Jul 30 2012
By Helen Albert, Senior MedWire Reporter
Research shows that external beam radiation therapy, similar to that used in treating cancer, provides effective pain relief for patients with plantar fasciitis.
The researchers compared standard- (n=29; total dose 6.0 Gy) with low- (n=33; total dose 0.1 Gy) dose therapy in 62 patients with the condition.
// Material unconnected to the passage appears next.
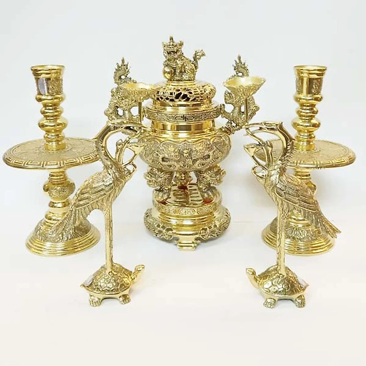 Bộ đỉnh đồng thờ cúng mini 27 cm đồng vàng bóng
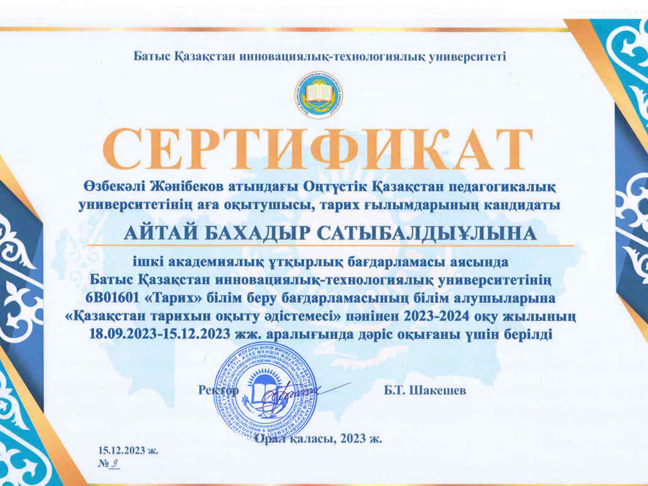 2023-2024 оқу жылының бірінші жартысында Батыс Қазақстан инновациялық-технологиялық университеті «6В01601-Тарих мұғалімін даярлау» білім беру бағдарламасының білім алушыларына «Тарихты оқыту әдістемесі» пәнінен Өзбекәлі Жәнібеков атындағы Оңтүстік Қазақстан педагогикалық университетінің аға оқытушысы, тарих ғылымдарының кандидаты Айтай Бахадыр Сатыбалдыұлы ішкі академиялық ұтқырлық бағдарламасы аясында 2023 жылдың 18 қыркүйек – 15 желтоқсан аралығында дәріс оқыды. Академиялық ұтқырлық бағдарламасы нәтижесінде оқытушыға Батыс Қазақстан инновациялық-технологиялық университетінің ректоры, қауымдастырылған профессор Б.Т.Шакешевтың сертификаты табысталды. Өзбекәлі Жәнібеков атындағы Оңтүстік Қазақстан педагогикалық университетімен арадағы ынтымақтастық туралы келісім-шарт негізінде бірлескен ғылыми жобалар орындау, халықаралық конференциялар ұйымдастыру, академиялық ұтқырлық бағдарламасын жүзеге асыру бойынша жұмыстарды жалғастыру көзделеді.

They found that 80% of those who received standard-dose therapy experienced complete pain relief, 64% of whom maintained this relief for up to 48 weeks.
"Severe plantar fasciitis is a chronic health issue, and it can be extremely painful - many of these men and women cannot walk or stand for a long time," said lead author Marcus Niewald (Saarland University Medical Center, Homburg/Saar, Germany) in a press statement.
"We are extremely encouraged by the results of our research because evidence of improved quality of life for patients is clearly evident with the standard dose regimen."
The patients in the standard-dose group had therapy applied in six fractions of 1.0 Gy twice weekly and those in the low-dose group in six fractions of 0.1 Gy twice weekly with follow up continuing for 1 year. Lateral opposing 4- to 6-MV photon beams were used for all patients.
After 3 months of follow up, patients in the standard-dose group had significantly better scores than the low-dose group on the visual analog scale (VAS; 0=no pain, 100=maximum pain), Calcaneodynia score (100=symptom free, 0=very intense symptoms), and the Short Form (SF)-12 health survey (high values correspond to good quality of life).
More specifically, the between group difference at 3 months was 23.39 for the VAS, 10.82 for the Calcaneodynia score, and ranged from 1.04 to 5.11 for the different sections of the SF-12. Many standard-dose patients who had good results at 3 months maintained pain relief at 12 months.
Notably, significantly fewer patients in the standard- versus the low-dose arm had to undergo re-irradiation due to the initial therapy being ineffective.
No acute or long-term side effects of the therapy were observed.
The authors concede that their results are somewhat limited by the small size of their study and suggest that further research is warranted. However, they conclude that "on the basis of the results of our trial, the effect of radiation therapy on painful heel spur could be proven at a high level of evidence."